Dans cette cité où les habitants, essentiellement composés de travailleurs de l’usine, détenue actuellement par la compagnie Rusal, l’arrêt de celle-ci a provoqué une grave pénurie d’eau et d’électricité sans précédent dans l’histoire de cette ville créée dans les années 60, grâce à compagnie française d’alumine Pechiney.

Pour cause de fermeture de l’usine, les habitants de la ville sont exposés à toute sorte de vices, notamment la vente illicite de stupéfiants et la prostitution qui s’intensifient dans les différents quartiers animés de la ville.

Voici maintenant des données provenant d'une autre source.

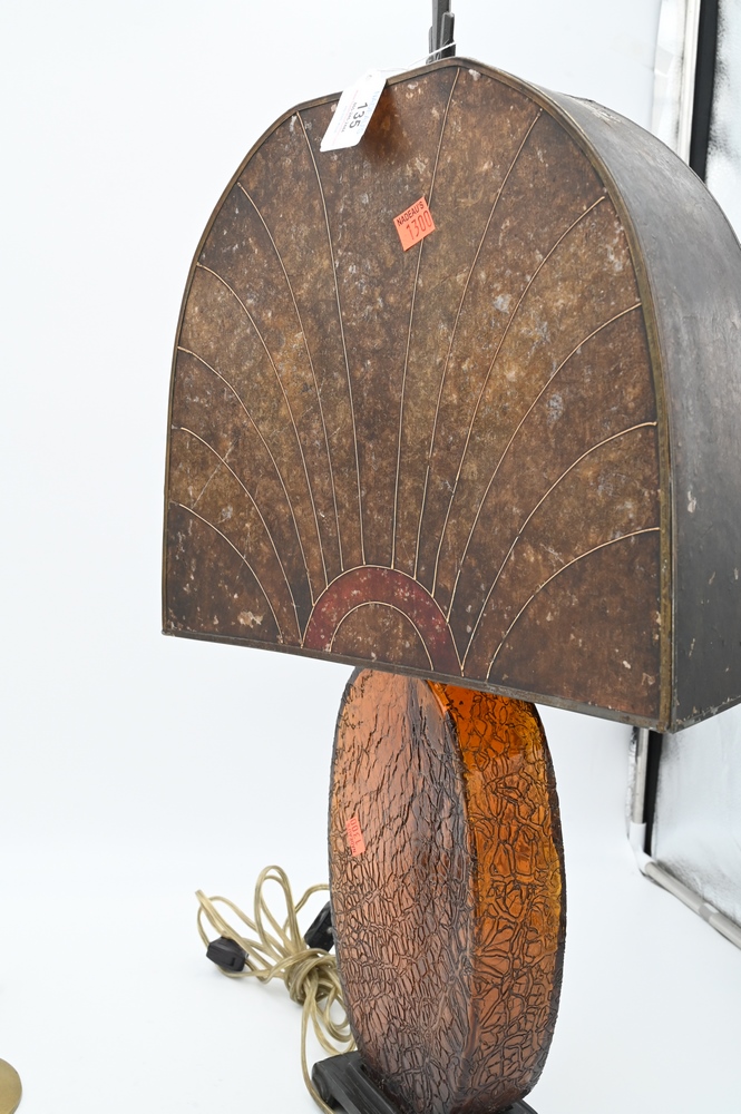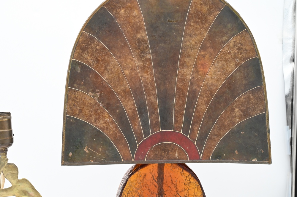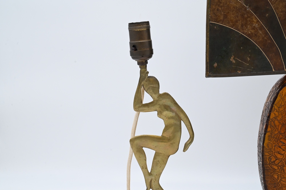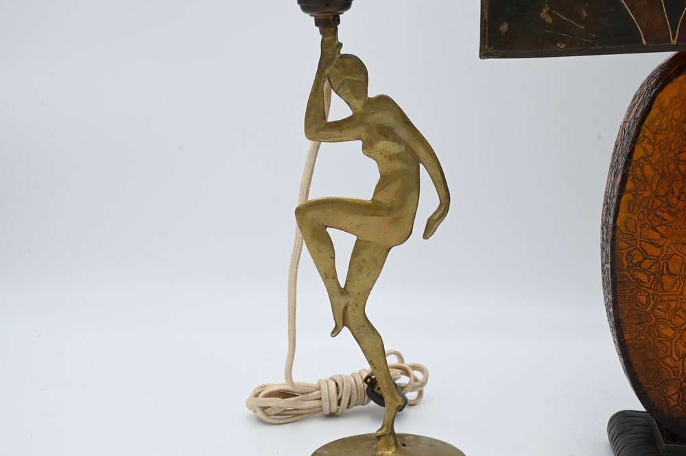 Two Piece Lot, to include Art Nouveau figural brass table lamp, having a nude base, along with art deco table lamp, having glass base with mica shade, Art Nouveau height 14 inches, Art Deco height 25 inches.

Outre ces fléaux, les habitants de Fria, principalement les femmes s’adonnent actuellement aux activités des marchés hebdomadaires pour soutenir leur mari dont la majorité ne comptait que sur l’usine pour subvenir à leurs besoins.

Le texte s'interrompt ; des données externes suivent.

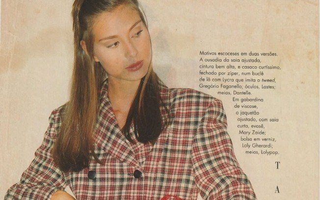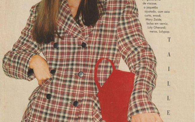 Na sequência de fotos, publicadas na última sexta-feira (28), a atriz posou com um conjunto de paletó e saia quadriculados com uma bolsa vermelha. Em um outro clique, Lavínia usa um vestido roxo e meia calça preta, roupas que faziam parte da moda da época.

L’arrêt de l’usine a diminué à sa plus petite expression le train de vie des travailleurs, qui autrefois rois de la cité, laissant du coup la place aux fonctionnaires d’Etat qui sont devenus les nouveaux maitres de la ville avec leur salaire mensuel régulier.

L’eau et l’électricité, deux denrées rares

Autrefois dépensées sans souci, l’eau et l’électricité se font maintenant rares à tel point qu’elles sont devenues des trésors derrière lesquels courent tout le monde.

Si la desserte de ces deux services sociaux de base faisait de la ville de Fria l’une des plus éclairées de Guinée, d’où son nom de Petit Paris, de nos jours, les robinets sont devenus secs et les lampes ne s’allument plus, faute d’électricité.

Si quelques années, les robinets ne se fermaient pas dans certaines concessions de la ville, après l’arrêt de l’usine, la donne a vraiment changé. Et pour cause !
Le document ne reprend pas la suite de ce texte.